Most tools have highly specific purposes (e.g., crispr_grna_design vs base_editing_design vs prime_editing_design). However, there is some overlap in sequence analysis tools (characterize_sequence, sequence_report) and plasmid annotation tools (plasmid_annotate vs plasmid_deep_annotate) which could cause confusion.

Naming Consistency3/5

The naming pattern is largely consistent with snake_case verb_noun or noun_descriptor (e.g., primer_design, plasmid_annotate, fastq_trim). However, there are exceptions like 'batch', 'workflow', 'gc_content', and 'cloning_diagnose' which don't follow the verb_noun pattern consistently. Also, some names are phrases like 'golden_gate_from_parts'.

Tool Count2/5

With 101 tools, this server is extremely large and likely overwhelming for agents.

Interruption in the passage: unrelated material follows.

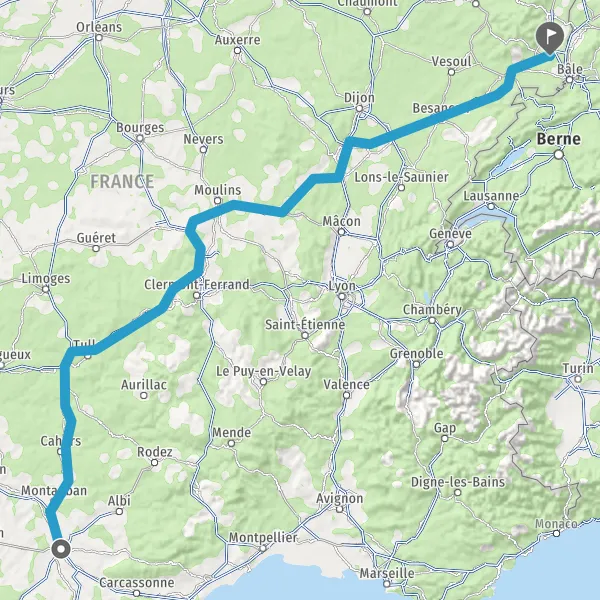 Prendre à droite et rejoindre A36. Continuer sur 221 kilomètres

Even for a comprehensive bioinformatics toolkit, this exceeds a manageable scope, risking agent confusion and inefficient tool selection. A more modular approach would be advisable.

Completeness4/5

The tool surface covers a wide range of bioinformatics workflows including sequence analysis, primer design, cloning, CRISPR, NGS, expression analysis, and data export. There are minor gaps such as lack of a dedicated protein structure prediction tool and limited off-target genome coverage, but overall the set is impressively complete for its domain.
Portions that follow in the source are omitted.